On September 28, 2017, the inspectors observed an evaluated simulator scenario performed by an operating crew. The inspectors assessed the performance of the operators and the evaluators critique of their performance.

These activities constituted completion of one quarterly licensed operator requalification program sample, as defined in Inspection Procedure 71111.11.

b. Findings

No findings were identified.

.2 Review of Licensed Operator Performance

a. Inspection Scope

On August 7, 2017, the inspectors observed the performance of on-shift licensed operators in the Unit 1 main control room. At the time of the observations, the plant was in a period of heightened risk due to the replacement of a diesel generator hand switch.

The inspectors observed the operators performance of the pre-job brief, and the control room oversight and communications of the activity.

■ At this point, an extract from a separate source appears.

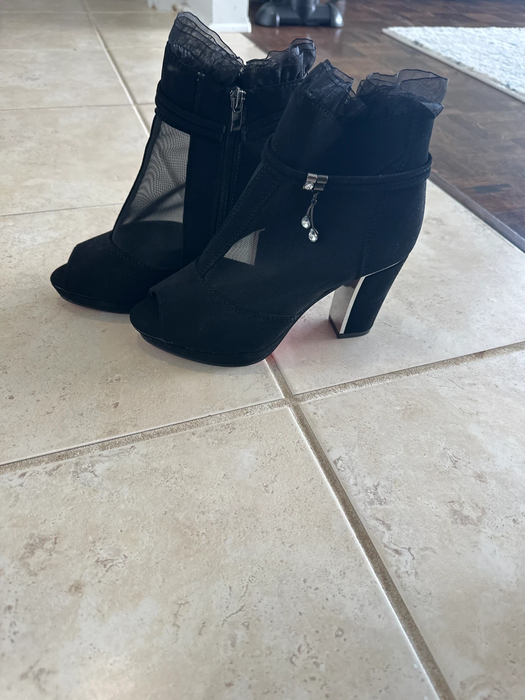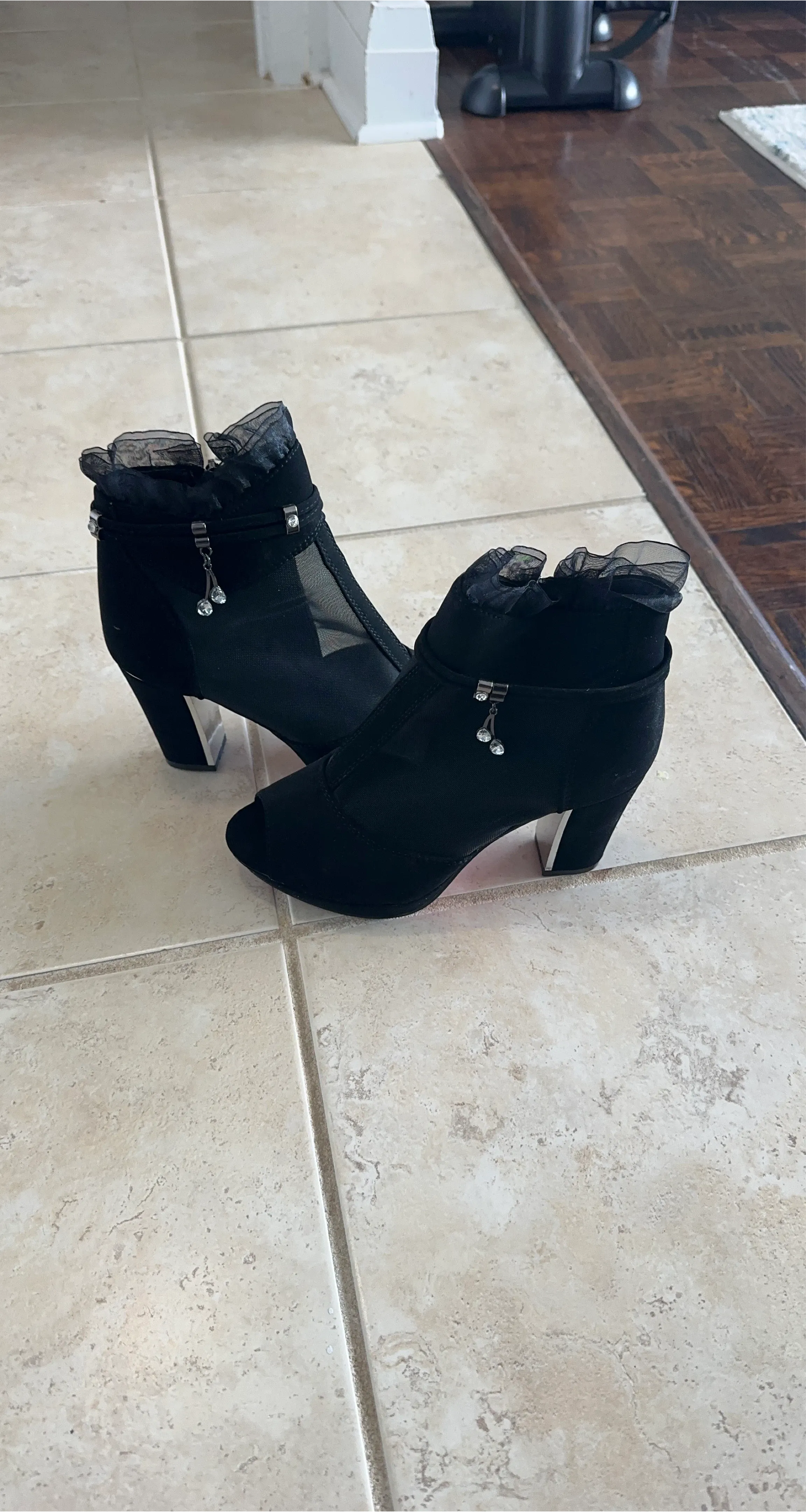 These stylish black booties feature a peep-toe design with a mesh upper and a cute ruffle detail. The heels are a comfortable height for all-day wear and they have a unique silver accent. Perfect for dressing up any outfit!

In addition, the inspectors assessed the operators adherence to plant procedures, including procedures 40DP-9OP02, Conduct of Shift Operations, and 01DP-0AP57, Sensitive Issues Awareness and Management.

These activities constituted completion of one quarterly licensed operator performance sample, as defined in Inspection Procedure 71111.11.

b. Findings

No findings were identified.

1R12 Maintenance Effectiveness

Routine Maintenance Effectiveness

a. Inspection Scope

The inspectors reviewed two instances of degraded performance or condition of safety-significant structures, systems, and components (SSCs):

  • September 11, 2017, Unit 1 diverse auxiliary feedwater B spurious trip The inspectors reviewed the extent of condition of possible common cause SSC failures and evaluated the adequacy of the licensees corrective actions. The inspectors reviewed the licensees work practices to evaluate whether these may have played a role in the degradation of the SSCs. The inspectors assessed the licensees characterization of the degradation in accordance with 10 CFR 50.65 (the Maintenance Rule), and verified that the licensee was appropriately tracking degraded performance and conditions in accordance with the Maintenance Rule.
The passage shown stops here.